**Record excerpts**

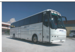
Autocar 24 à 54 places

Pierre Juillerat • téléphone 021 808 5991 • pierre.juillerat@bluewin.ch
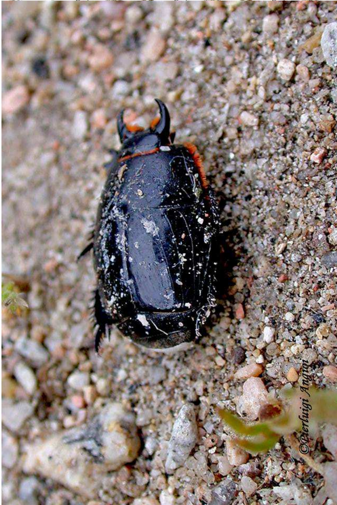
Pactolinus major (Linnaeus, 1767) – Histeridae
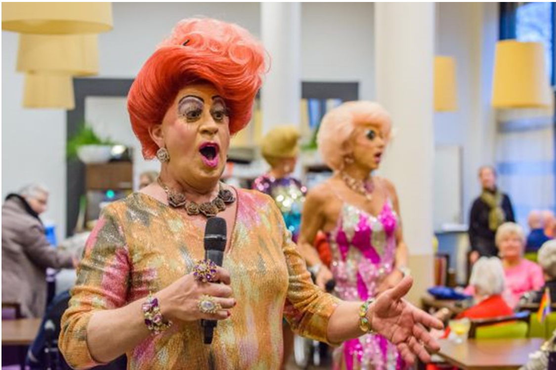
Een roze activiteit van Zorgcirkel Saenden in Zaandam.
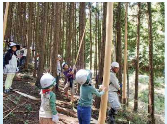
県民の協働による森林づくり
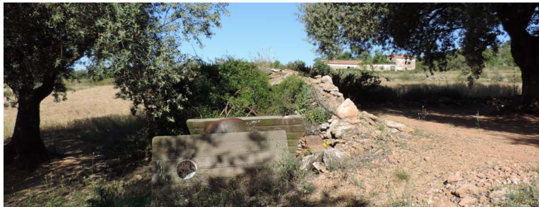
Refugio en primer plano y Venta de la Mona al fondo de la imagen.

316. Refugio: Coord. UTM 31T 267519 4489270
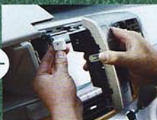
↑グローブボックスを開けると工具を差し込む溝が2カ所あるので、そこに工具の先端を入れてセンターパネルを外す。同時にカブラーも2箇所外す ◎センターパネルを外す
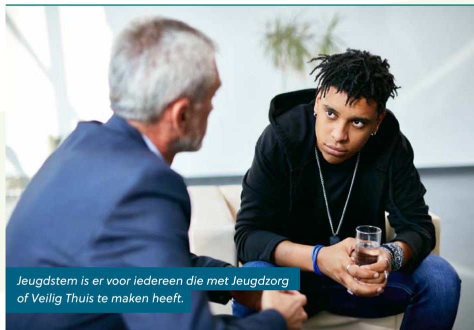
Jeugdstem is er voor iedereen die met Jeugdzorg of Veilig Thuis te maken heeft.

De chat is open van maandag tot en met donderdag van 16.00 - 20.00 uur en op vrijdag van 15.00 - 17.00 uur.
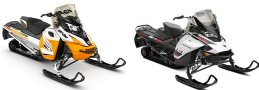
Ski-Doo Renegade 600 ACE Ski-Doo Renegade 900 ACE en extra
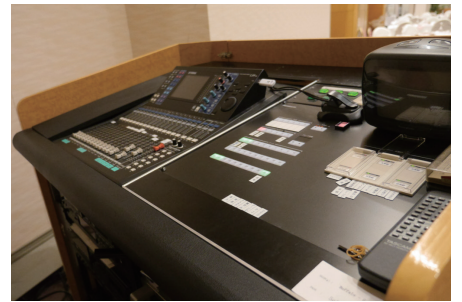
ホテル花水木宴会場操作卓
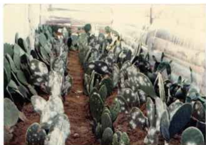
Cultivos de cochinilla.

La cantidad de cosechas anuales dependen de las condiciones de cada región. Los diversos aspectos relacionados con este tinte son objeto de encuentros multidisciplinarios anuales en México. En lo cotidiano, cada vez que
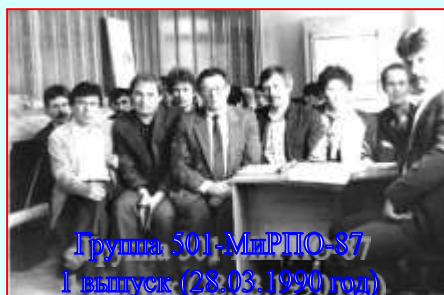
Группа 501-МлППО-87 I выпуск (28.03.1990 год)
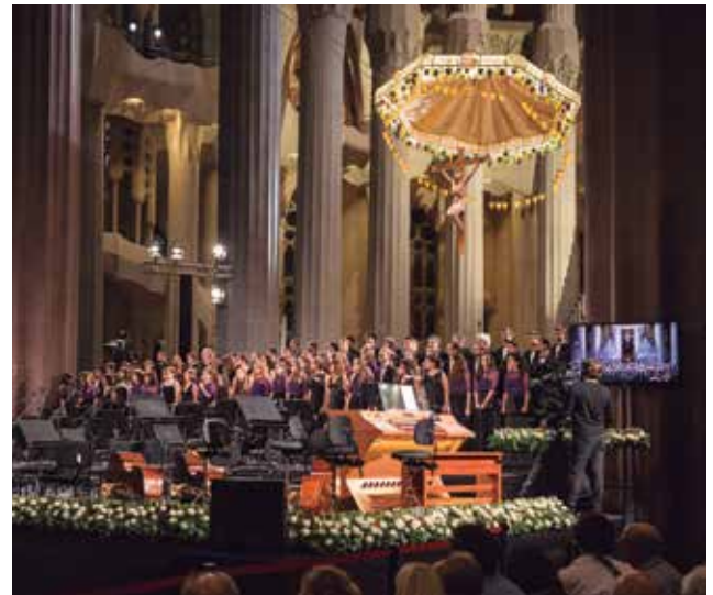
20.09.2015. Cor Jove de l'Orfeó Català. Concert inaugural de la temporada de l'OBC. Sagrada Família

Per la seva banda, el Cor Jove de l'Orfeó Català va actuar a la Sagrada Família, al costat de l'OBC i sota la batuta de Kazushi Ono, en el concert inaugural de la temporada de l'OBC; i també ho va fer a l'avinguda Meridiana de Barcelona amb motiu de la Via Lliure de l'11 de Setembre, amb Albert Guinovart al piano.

**What you are asked to do**
Restate the lines above from the one containing "Pierre Juillerat •" through the one containing "20.09.2015. Cor Jove", inclusive, exactly and without pictures.

**Exercise response**
Pierre Juillerat • téléphone 021 808 5991 • pierre.juillerat@bluewin.ch
Pactolinus major (Linnaeus, 1767) – Histeridae
Een roze activiteit van Zorgcirkel Saenden in Zaandam.
県民の協働による森林づくり
Refugio en primer plano y Venta de la Mona al fondo de la imagen.

316. Refugio: Coord. UTM 31T 267519 4489270
↑グローブボックスを開けると工具を差し込む溝が2カ所あるので、そこに工具の先端を入れてセンターパネルを外す。同時にカブラーも2箇所外す ◎センターパネルを外す
Jeugdstem is er voor iedereen die met Jeugdzorg of Veilig Thuis te maken heeft.

De chat is open van maandag tot en met donderdag van 16.00 - 20.00 uur en op vrijdag van 15.00 - 17.00 uur.
Ski-Doo Renegade 600 ACE Ski-Doo Renegade 900 ACE en extra
ホテル花水木宴会場操作卓
Cultivos de cochinilla.

La cantidad de cosechas anuales dependen de las condiciones de cada región. Los diversos aspectos relacionados con este tinte son objeto de encuentros multidisciplinarios anuales en México. En lo cotidiano, cada vez que
Группа 501-МлППО-87 I выпуск (28.03.1990 год)
20.09.2015. Cor Jove de l'Orfeó Català. Concert inaugural de la temporada de l'OBC. Sagrada Família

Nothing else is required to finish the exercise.